Indemnity costs against Minister for Immigration

In SZMJQ v Minister for Immigration (No.2) [2009] FMCA 1137 Raphael FM suggested that public law proceedings might not be amenable to Calderbank offers, but did not decide the point.

In SZPAD v Minister for Immigration [2012] FMCA 73, Smith FM did not explicitly decide the point but at [51]-[53] left open the possibility that indemnity costs might be awarded because of an unreasonable failure to accept an offer of compromise.

Neither SZMJQ nor SZPAD (insofar as it concerns this issue) appear to have been subsequently considered.
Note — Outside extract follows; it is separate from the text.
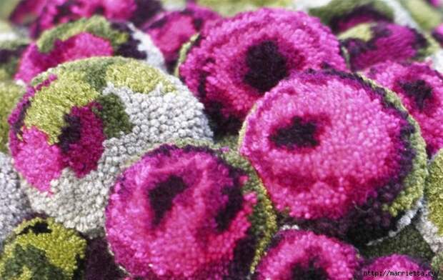 Потом увидела бесподобный пуфик из помпонов. И никак не могла понять, как же они делаются, эти помпоны с рисунком?

What is clear from SZMJQ at least is that any Calderbank offer must at least identify the ground upon which any offer to consent to remittal is to be based. Without this (for example, general reference to an application with multiple grounds), the Calderbank offer is uncertain and therefore cannot found a basis for indemnity costs.

Different methodologies for assessing costs

Gross sum costs can be awarded as an alternative to costly and protracted costs on taxation.

There are different methodologies that can be used to calculate gross sum costs. Some were summarised in Wieland v Texxcon Pty Ltd [2016] VSCA 45:

Methodology Options in a Gross Sum Exercise

  1. … In my view there is no one option in terms of methodology in a gross sum exercise.  It will depend on the basis for costs recovery ordered in favour of the recovering party.

  1. As discussed in Pegela,[17] there are several options available in relation to methodology.  One option is the ‘analogy’ method to ‘review previous gross sum cases to identify what the percentage reduction on costs was in those cases and adopt an appropriate reduction by reference to previous practice’.  This is not an attractive option having regard to the wide range of percentages of recovery across a number of example cases referred to by Sackville J in the Seven Network Limited v New Limited.[18]
  1. A second option has been referred to as the ‘adjusted fees’ methodology.  This is a possible option where costs are recoverable on scale.  It involves taking the base hours from time records and multiplying them by the scale rate, adjusting it to account for the different scale rates applicable for particular types of work and then applying a loading for general care.  This is closest to the one proposed by the applicants and said in argument to Beach JA in this matter to be the only option.[19]
  1. A third option is the ‘Ausmaq’ method.  This can be favoured where costs are to be assessed on hourly rates.  This involves actual costs incurred, identifying work that falls outside the scope of the costs order, and then breaking the figure down to costs and disbursements.  As a next step appropriate hourly rates are determined and then a final calculation is made on the basis of the hourly rate options, the cost reduction for unreasonable work and the addition of disbursements.
  1. Other methodologies have been referred to in case law.[20]

 

Costs in pro bono matters

In Wentworth v Rogers [2002] NSWSC 709 the Supreme Court of NSW discussed the meaning of ‘pro bono’ and whether a conditional costs agreement can be understood as ‘pro bono’, or otherwise offending the indemnity principle.

At [70]-[77] Barrett J discussed the various understandings of the term ‘pro bono’ and specifically noted that pro bono does not exclude conditional costs.

In Wentworth v Rogers [2006] NSWCA 145 the NSW Court of Appeal discussed whether a conditional costs agreement (still ‘pro bono’) offended the indemnity principle.  The Court had to consider whether costs could be awarded when the winning party had a costs agreement under which costs were contingent on a successful outcome.

Santow JA discussed the issues at [37]-[66] and concluded that such an agreement would not.  Basten JA expressed the opposite view, while Hislop J did not express any view.

In Mainieri v Cirillo [2014] VSCA 227, [43]-[53] the Victorian Court of Appeal unanimously preferred Santow JA’s analysis and dismissed the (ground of) appeal against an order that costs be paid to the winning party who had a pro bono conditional costs agreement.

 

Costs Court

See http://www.the-civil-lawyer.net/2013/03/new-costs-regime-for-victoria-supreme.html for a good explanation of the ‘standard’ and ‘indemnity’ bases on which costs may be awarded.

If there is an award of party/party costs, it is more than likely that it will be on the ‘standard’ basis (ie all costs reasonably incurred), rather than the old ‘costs incurred on a necessary and proper’ basis.